The full listing, excluding its pictures, should be printed exactly as it stands.

◆ Collected material
_____
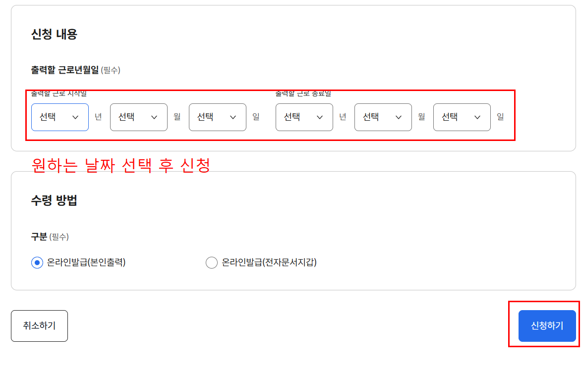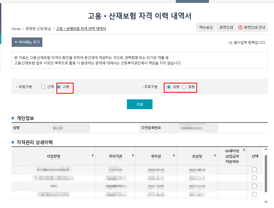 - 메뉴에서 증명원 신청/발급 → 고용·산재보험 자격이력 내역서
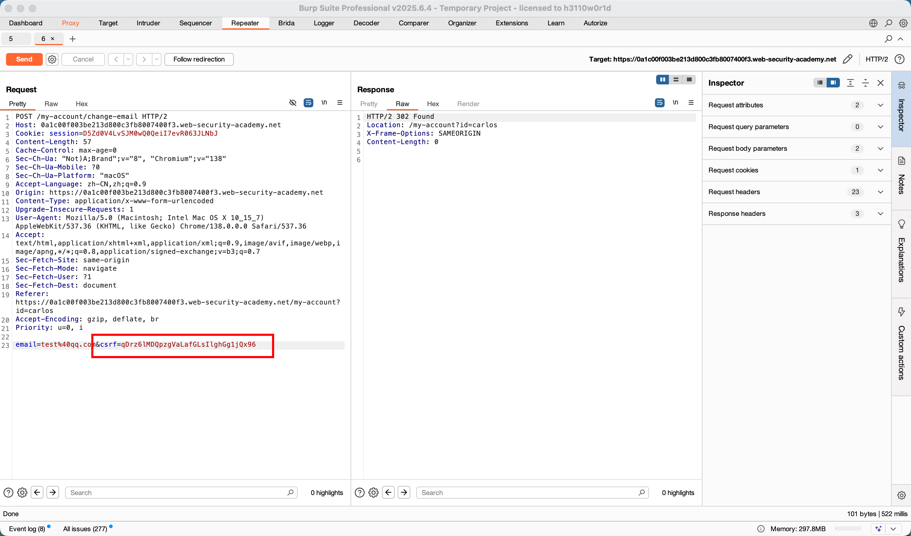 - 若服务器返回 302 重定向(跳转到账户主页),且查看 carlos 账号的邮箱已被修改,说明 令牌可跨会话复用(漏洞确认)。
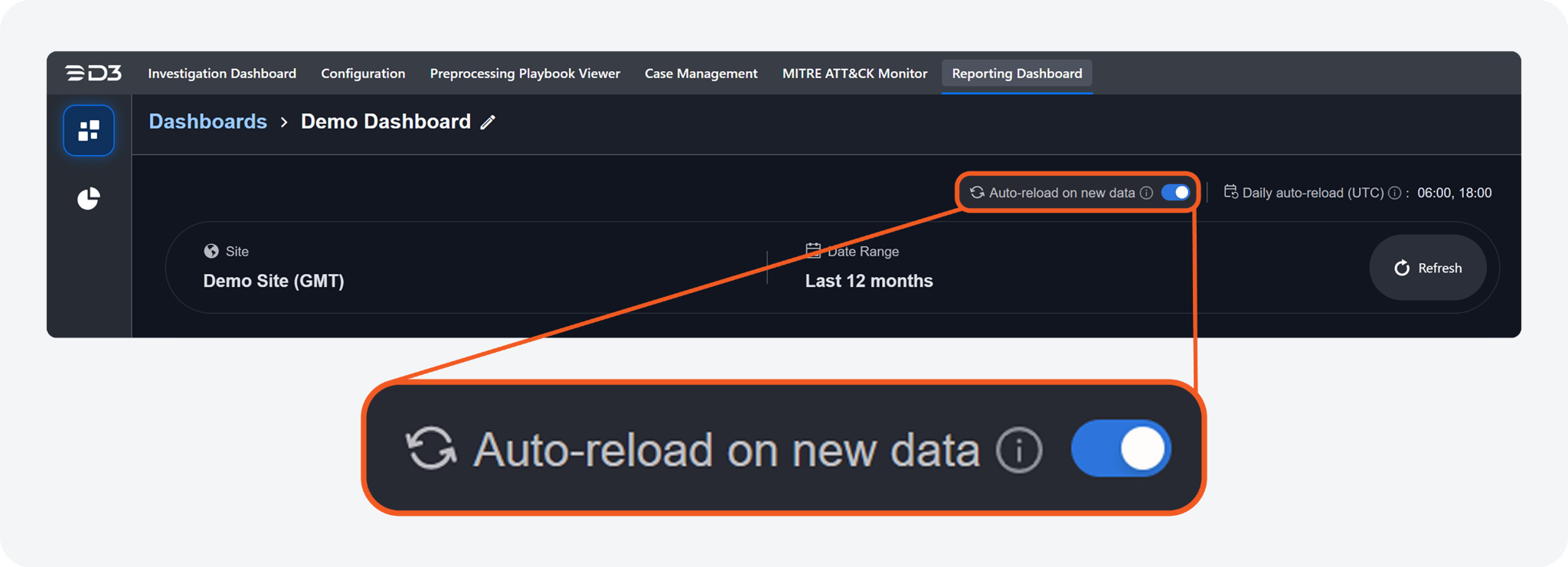 button on a persistent "Dashboard Update Available" banner, to view new data. The dashboard now supports live auto-refresh, automatically updating widget visualizations when new events or incidents are detected. This behavior can be enabled via the new Auto-reload on new data toggle.
_____
◆ Completed exercise
 - 메뉴에서 증명원 신청/발급 → 고용·산재보험 자격이력 내역서
 - 若服务器返回 302 重定向(跳转到账户主页),且查看 carlos 账号的邮箱已被修改,说明 令牌可跨会话复用(漏洞确认)。
 button on a persistent "Dashboard Update Available" banner, to view new data. The dashboard now supports live auto-refresh, automatically updating widget visualizations when new events or incidents are detected. This behavior can be enabled via the new Auto-reload on new data toggle.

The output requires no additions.